Boston Consulting Group's October 2024 survey of one thousand C-suite executives found that seventy-four percent of companies struggle to scale value from AI, and roughly seventy percent of the challenges stem from people and process issues. A meaningful slice of that is procurement friction that pushes legitimate AI use into the shadows.
The fix is to cut the red tape. Create a clear, fast process for the team to request AI tool trials. Give each function a small AI experimentation budget they can use without escalation. Build a simple internal list of approved tools so the team knows what they can use without asking. Duolingo gave every employee three hundred dollars to try AI tools, courses, and subscriptions. Zapier assigned a lead PM specifically to fast-track AI tool approvals through procurement and legal.
The goal is to make legitimate, sanctioned AI use easier than unauthorised AI use. If sanctioned use is hard, your team will continue to use AI in ways you cannot see, support, or measure.
What good adoption looks like in practice
When these tactics are working in a business, the change is visible.
The team is using AI without being asked to. They have specific use cases they reach for instinctively. They are sharing what works in their team channels without prompting. The early adopters are pulling others along. New tools get adopted within weeks rather than quarters because the operating rhythm is already in place. AI use shows up in performance conversations not as compliance but as development.
Most importantly, the time-saved is real and visible. You can see it in cycle times, in capacity freed up, in customer outcomes. The investment in the tools is not theoretical anymore. It is showing up in the business.
This is what AI adoption actually looks like when it works. It is not a one-off project. It is an operating capability that compounds.
The bigger picture
Getting your team to actually use AI tools is not a training problem, a communication problem, or a leadership problem in isolation. It is an operational design problem.
The tools need to live inside the workflow, not next to it. The use cases need to be specific, not general. The exemplars need to be visible.
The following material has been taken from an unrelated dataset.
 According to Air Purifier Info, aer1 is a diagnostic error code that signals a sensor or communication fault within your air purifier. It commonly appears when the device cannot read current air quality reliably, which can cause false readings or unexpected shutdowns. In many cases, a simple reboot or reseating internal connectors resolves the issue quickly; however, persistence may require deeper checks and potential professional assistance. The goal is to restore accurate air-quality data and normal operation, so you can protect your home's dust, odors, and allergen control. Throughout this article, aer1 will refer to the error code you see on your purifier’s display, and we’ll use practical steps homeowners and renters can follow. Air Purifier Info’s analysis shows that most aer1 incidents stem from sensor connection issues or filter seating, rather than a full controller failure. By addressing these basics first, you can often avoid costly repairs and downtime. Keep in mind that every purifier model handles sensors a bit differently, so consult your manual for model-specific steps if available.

The feedback needs to be structured. The procurement needs to be frictionless. The expectations need to be clear without being punitive.
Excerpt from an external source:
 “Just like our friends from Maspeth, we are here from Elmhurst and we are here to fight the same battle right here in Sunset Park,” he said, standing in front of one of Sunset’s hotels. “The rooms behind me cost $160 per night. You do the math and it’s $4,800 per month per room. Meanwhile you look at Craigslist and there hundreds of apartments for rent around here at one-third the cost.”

None of this is complicated. It is also not optional. The businesses that put these tactics in place are seeing genuine AI adoption and the productivity gains that come with it. The ones that are not are paying for subscriptions that nobody uses, running training that nobody applies, and wondering why the AI program is not delivering.
The good news is that the tactics work fast. You do not need a year-long change programme. Most of the moves above can be in place within a quarter. The team will start using the tools, the use will compound, and the business will start to feel the benefit the investment was always supposed to deliver.
The tools are not the problem. The work around the tools is.